Barcelona świetnie zareagowała na porażkę w El Clasico, a Roberta Lewandowskiego nie wybiły z rytmu wyniki Złotej Piłki "France Football". W niedzielę Camp Nou znów tańczyło z radości, tyle że to bal na Titanicu. Przed katastrofą nie ma ratunku.

Maciej Kmita
Maciej Kmita
Robert Lewandowski Getty Images / Soccrates Images / Na zdjęciu: Robert Lewandowski
"Jestem Wesoły Romek/Mam na przedmieściu domek/A w domku wodę, światło, gaz..." - śpiewał Zbigniew Bartosiewicz w kultowym "Misiu", a mężczyzna z tłumu ripostował: "Nie bój, nie bój. I tak ci wyłączą".

W niedzielę takimi "Wesołymi Romkami" byli piłkarze Barcelony, a gdzieś w Bawarii Oliver Kahn, Karl-Heinz Rummenigge i Uli Hoeness mruczeli pod nosem: "Nie bój, nie bój...".

Duma Katalonii zlała przed własną publicznością Athletic Bilbao (4:0). "Lewy" i spółka wpadali sobie w ramiona, a kibice tańczyli na trybunach.

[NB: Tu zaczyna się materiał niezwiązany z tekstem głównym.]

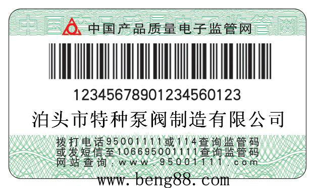 泊頭市特種泵閥制造有限公司自2008年5 月1 日出廠的產(chǎn)品,在產(chǎn)品合格證上粘貼長方形監(jiān)管碼標簽,上有20位數(shù)字,這就是產(chǎn)品監(jiān)管碼。因此,我公司生產(chǎn)的每件產(chǎn)品都將有一個“電子身份證”??梢岳霉潭娫挕⑹謾C短信、互聯(lián)網(wǎng)、超市終端等網(wǎng)絡通訊設備對電子監(jiān)管碼進行查詢,辨別真?zhèn)?。查詢辦法如下:

Problem w tym, że za trzy dni to wesele zamieni się w stypę.

ZOBACZ WIDEO: Polskie kluby zarobią na mundialu? "To duża kwota"

Tylko cud uratuje Barcelonę przed pożegnaniem się z Ligą Mistrzów już po fazie grupowej. Niby nic nowego, bo rok temu Katalończycy też wstali od stołu po przystawce, ale Camp Nou nie przeżyło takiego upokorzenia rok po roku od 23 lat.

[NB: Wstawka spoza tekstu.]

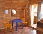 На охраняемой, огороженной территории предлагается два варианта расселения. Оборудовано 17 отдельных деревянных домиков в стиле сибирских селений и отель с четырьмя однокомнатными и четырьмя двухкомнатными номерами. В отапливаемых постройках есть необходимая мебель, телевизор, теплый душ, туалет. Расстояние до берега Байкала составляет 700м.

A ono może być tym większe, że Barca może odpaść z rozgrywek... nim wyjdzie na boisko w "meczu o wszystko" z Bayernem. Wystarczy, że w zaplanowanym dwie godziny wcześniej spotkaniu Inter Mediolan pokona Viktorię Pilzno i Barcelona zostanie wyproszona za drzwi.

To dla wicemistrza Hiszpanii będzie oznaczało katastrofę. Prestiżową, sportową, ale przede wszystkim finansową, bo działacze klubu w budżecie założyli premię za awans do ćwierćfinału Ligi Mistrzów. Więcej TUTAJ. Na jakiej podstawie? "Też chciałbym to wiedzieć, Stefan".

Ważne, że w budżecie pojawi się wyrwa na 20 mln euro. Taka wpadka w sezonie, przed którym Joan Laporta działał w myśl zasady "zastaw się, a postaw się!", może mieć daleko idące konsekwencje. Prezydent wyprzedał rodowe srebra, zapożyczył się, a okazało się, że jego projekt wymaga kolejnych nakładów finansowych.

Owszem, klub może sobie to odbić w Lidze Europy. Tyle że rok temu sądzono podobnie, tymczasem w ćwierćfinale tych rozgrywek drugiej kategorii brutalne zderzenie z rzeczywistością zapewnił Barcelonie Eintracht Frankfurt. Poza tym, nawet jeśli wygra Ligę Europy, a następnie sięgnie po Superpuchar Europy, to i tak zarobi mniej. Więcej TUTAJ.

Ale mniejsza o klub z Camp Nou. Istnieje 122 lata i będzie istniał nadal. Być może na pewien czas zniknie w cieniu Realu Madryt, ale czy to pierwszy raz? Kłopot w tym, że fiasko Barcy w Lidze Mistrzów jest równoznaczne z dramatem Roberta Lewandowskiego.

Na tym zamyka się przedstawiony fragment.